Macula edema is not a common complication of CRS. Several differential diagnosis can be suspected as following. Microcystic degenerative macular lesions, as seen in advanced glaucomatous optic neuropathies, are usually localized in the intern nuclear layer and do not induce fluorescein leakage. The absence of choroid hyperpermeability and thick choroid does not comfort a pachychoroid spectrum exudation cause. OCT and angiography descriptions are not in favor of a choroidal neovascularization either. Although a discreet epiretinal membrane can be noticed on the OCT, the positive edema evolution does not support tractional process. Irvine Gass Syndrome must be discussed and cannot be ruled out, even if the normal status of the macula was checked after transscleral diode cyclophotocoagulation. Acetazolamide prescribed as hypotensive treatment several months after surgery, may have disturbed its diagnosis, as we know this molecule can stimulate retinal pigmented epithelium fluid absorption too. The chronology of CME appearance (3 months after stopping acetazolamide) remains doubtful.

Interestingly, Fourmaux et al. described in 2005 the acetazolamide resistance of a CME associated with an essential iris atrophy, before disappearing after a triamcinolone subtenonian injection.

Kocaoglan et al. reported a CME in a Chandler syndrome successfully treated with topical prednisolone and ketorolac. The latest description in 2016 by Suzuki et al. in a CRS, reported the effectiveness of topical nepafenac.

The authors suggested that the proliferation of abnormal endothelial cells may be disrupting the inner blood-retinal barrier and inflammatory derivates such as prostaglandin may be produced by pathological endothelial cells. They also hypothesize that the infectious pathway (herpes often suspected in ICE syndrome as primum movens) may be another source of pro-inflammatory cytokines production.

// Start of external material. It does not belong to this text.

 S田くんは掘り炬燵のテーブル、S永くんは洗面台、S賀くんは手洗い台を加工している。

Nonsteroidal anti-inflammatory drug (NSAID) efficacy reports are in keeping with an inflammatory process, in addition to the successful reintroduction therapeutic test in our case (not previously described).

Conclusions

Poor visual prognosis in ICE syndrome rest upon the corneal and papillary damages. According to literature and our case, a chronic macular edema may appear during the follow up and remains certainly underestimated. Macular status should be screened in such cases beyond OHT management.

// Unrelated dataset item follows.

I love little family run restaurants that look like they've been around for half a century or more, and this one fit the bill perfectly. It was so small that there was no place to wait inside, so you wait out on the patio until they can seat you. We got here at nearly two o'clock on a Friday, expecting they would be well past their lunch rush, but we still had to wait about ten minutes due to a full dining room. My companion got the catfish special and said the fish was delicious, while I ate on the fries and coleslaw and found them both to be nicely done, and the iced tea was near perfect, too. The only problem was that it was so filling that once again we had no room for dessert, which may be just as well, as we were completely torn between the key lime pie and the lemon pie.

Our case highlights a quick efficacy of flurbiprofen, nevertheless no consensus is available concerning the treatment duration. NSAID were preferred to steroids as the CRS evolution is often threatened by OHT recurrences.

Further investigations are needed to strengthen these descriptive hypotheses.

Patient consent

Written consent to publish personal information and case details has been obtained from the patient.

Funding

No funding or grant support.

Authorship

All authors attest that they meet the current ICMJE criteria for Authorship.

Declaration of competing interest

The authors declare that they have no known competing financial interests or personal relationships that could have appeared to influence the work reported in this paper.

The following authors have no financial disclosures:BH, HP, AE, ECH, DC.